A few weeks ago, I attended a Harvard Business School of New York seminar called Green Private Equity: Investing in Our Future that discussed Private Equity’s involvement in encouraging sustainability.  The session was led by Diana Glassman of EBG Capital and the panel included one of McKinsey’s better-known former partners, Carter Bales.

I had known Carter when he was one of the top partners at McKinsey’s New York office.  I reconnected with him recently, when I learned that he had started a PE group targeted on sustainability and energy-efficiency issues called NewWorld Capital Group.  During the talk, Carter referred to the area he works in as “the Virtuous Quadrant.”  He seemed to believe that he could generate above-average returns, by investing in and supporting socially-positive businesses. Virtuous Quadrant Illustration


I came home and researched the term “virtuous quadrant.”  I was pleased to see that the first mention I could find was from a scientific paper on Land Use that was written in 1996 by another old friend of mine from McKinsey, Dr. Alistair (Ali) M. Hanna.  He used the term so casually that I suspect it may have been a term of art within at least the New York office of McKinsey for some time, before this. I’ve now found many mentions of the term, and a number of other articles and papers that support the thesis that lies behind it.  For instance, two Swiss professors, Andreas Georg Scherer and Guido Palazzo, wrote a paper last September that contained references to around two hundred studies that support the view that “Many business firms have started to assume social and political responsibilities that go beyond legal requirements and fill the regulatory vacuum in global governance.”  (They don’t want links to their draft—I assume because it has not been published, yet.)

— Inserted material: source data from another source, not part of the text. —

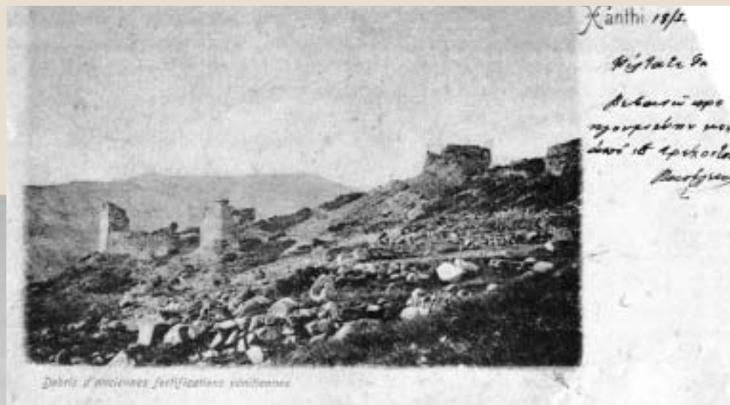
Debris d'anciennes fortifications byzantines

Η δική μας, λοιπόν, στάση δεν είναι μόνον αρνητική, αλλά και εθνικά επιζήμια, ακριβώς επειδή, εκτός από την αντικειμενικότητα στη σκέψη, μάς στερεί και την επιστημονική γνώση, ως εργαλείο υποστήριξης της δικής μας πολιτικής. Μόνο τα τελευταία χρόνια μια πολύ μικρή ομάδα ερευνητών διαφόρων ειδικοτήτων πασχίζει να καλύψει το συγκεκριμένο κενό στην Ελλάδα.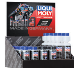
Espositore da banco Motorbike, vuoto*, N. parte 9965/9925

Motorbike προθηκη, άδειο*, Κωδικός: 9965/9925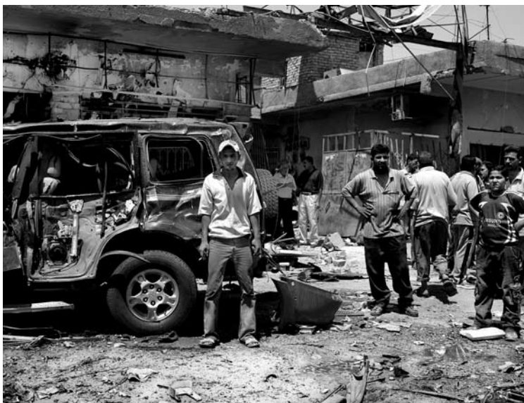
Foto ▼ Personas en el escenario de la explosión de un coche bomba en el distrito de Campsara en Bagdad, 2008.

el número de homicidios por cada 100.000 personas.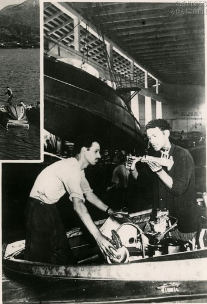
В сборочном цехе.

Красивы, удобны и комфортабельны пассажирские теплоходы производства Батумского судостроительного завода. Они бороздят морскую гладь во многих портах Черноморья. В семилетке выпуск продукции завода увеличится в 2 раза.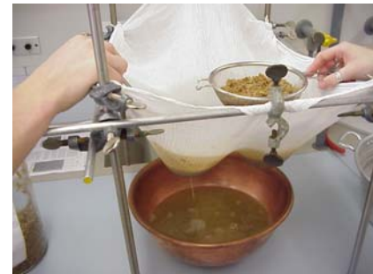
Filtration / Abmaischen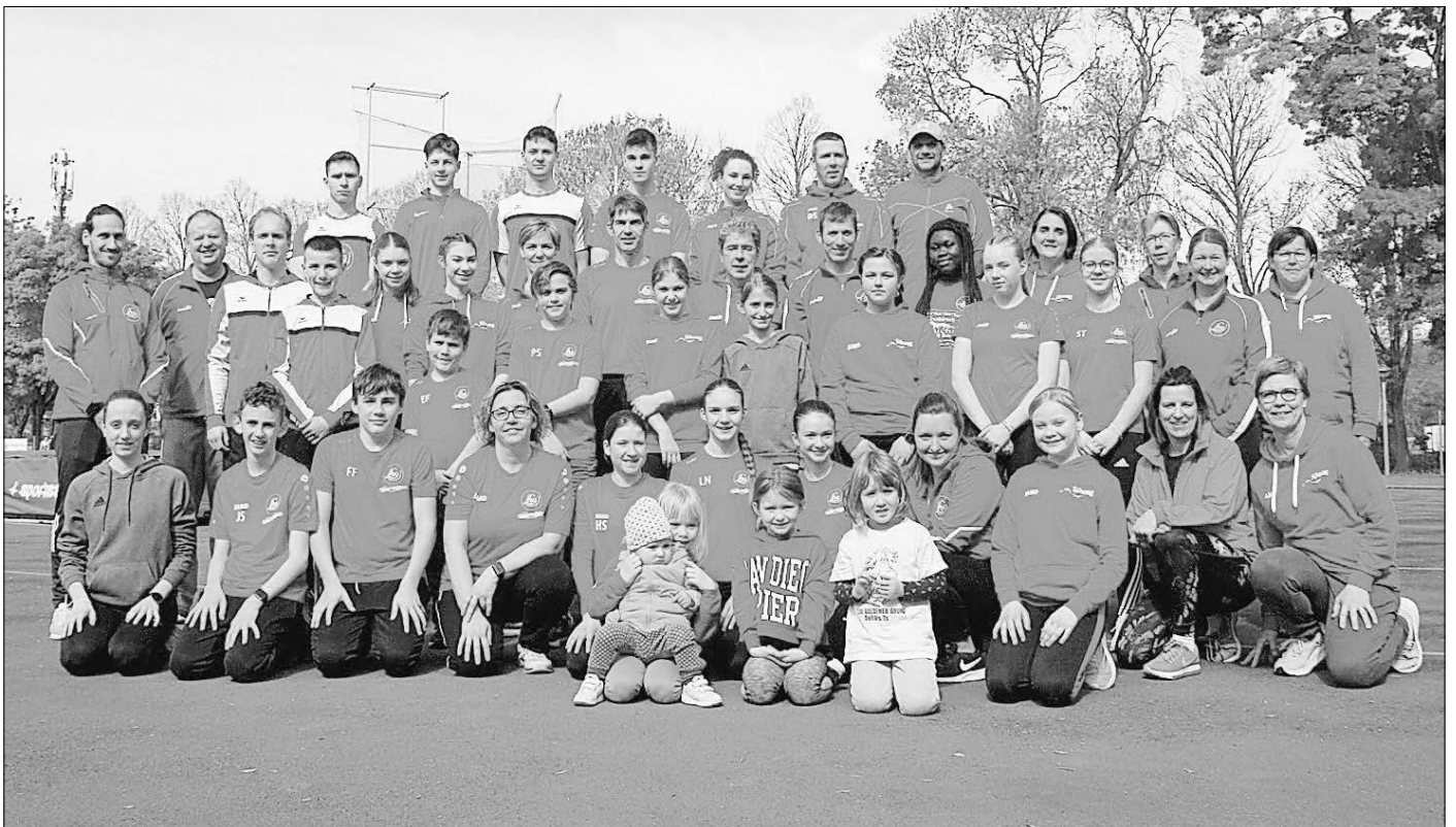
Gruppenfoto beim Trainingslager in Pesaro.

Die Breitensportler und mitgereisten Eltern taten etwas für ihre allgemeine Fitness - u. a. mit Yoga - und nutzten die Gelegenheit, bereits einige Disziplinen für das Sportabzeichen zu absolvieren. An den beiden trainingsfreien Tagen nutzte man die Gelegenheit zu Ausflügen in die nähere Umgebung (San Marino, Rimini, Perugia), Strandspaziergängen oder auch Gesellschaftsspielen. Insgesamt war es wieder ein schönes Gemeinschaftserlebnis mit toller Gruppendynamik.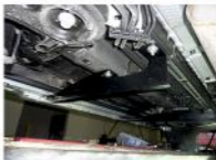
Рис. 2 - Установка переднего кронштейна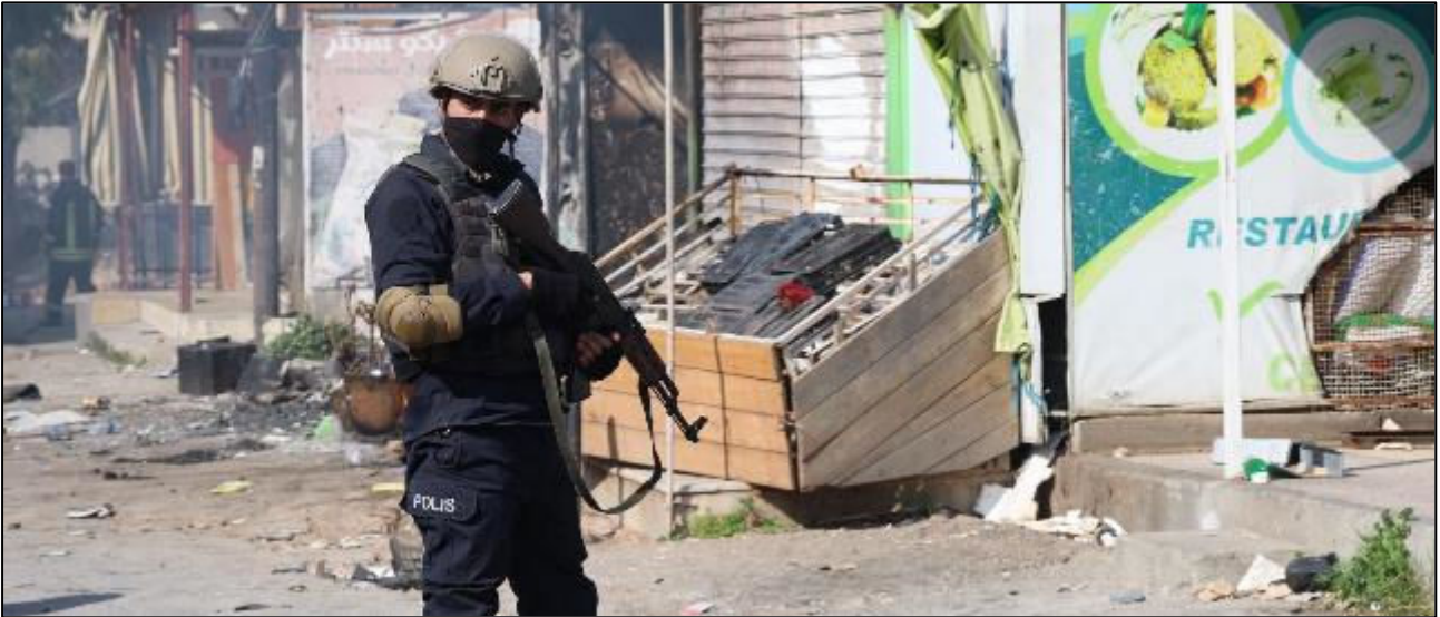
חייל של אחת המיליציות הנאמנות למשטר הסורי, השבוע בפרברי דמשק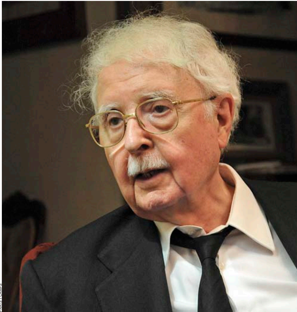
FRATS I CAMPS

—Al Museu Sant Pius V. A banda dels meus, molts dels quadres que s'hi exposen són propietat de la Reial Acadèmia de Sant Carles, i molts altres són de l'estat, perquè procedeixen de la desamortització, com també l'edifici. L'única condició que vaig posar a la Generalitat és que els meus quadres no isqueren del museu, tret que canvie de lloc. Darrera-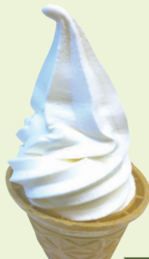
ミニソフト 190円(税込209円)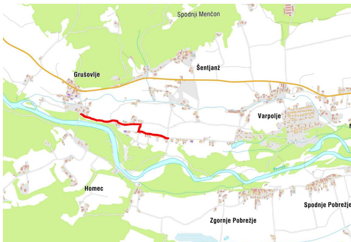
Slika 1: Lokacija odseka

Na osnovi naročila občine Rečica ob Savinji smo izdelali tehnično dokumentacijo za javni razpis rekonstrukcije lokalne ceste LC 267-133 v skupni dolžini 977,00 m.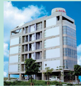
サイテックカレッジ那覇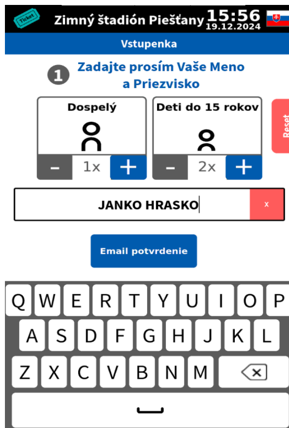
Obrázok 1: Úvodná obrazovka

Na úvodnej obrazovke vidíme dva typy lístkov a to konkrétne „Dospelý“ a „Deti do 15 rokov“. Pomocou tlačidiel „+“ a „-“ si vyberáme počet vstupeniek pre jednotlivé osoby, pre ktoré budeme kupovať lístok. Tlačidlom „Reset“ vyresetujeme počet vstupeniek. Následne do prázdneho poľa napíšeme naše meno a klikneme na tlačidlo „Email potvrdenie“.

The Environmental Defense Fund has been spearheading an effort to get private equity firms to integrate CSR issues into their investment practices.  Our friend Greg Andeck at EDF sent me a recent New York Times article about how well KKR had done by encouraging its portfolio companies to set sustainability goals and Carter’s fund seems to be moving ahead well.  So, perhaps we are at a tipping point in how business people think about their role in society—and in what society expects and demands from businesses?  If so, I hope that CSRHUB can play a role in revealing this progress, through the ratings we generate and the information we expose.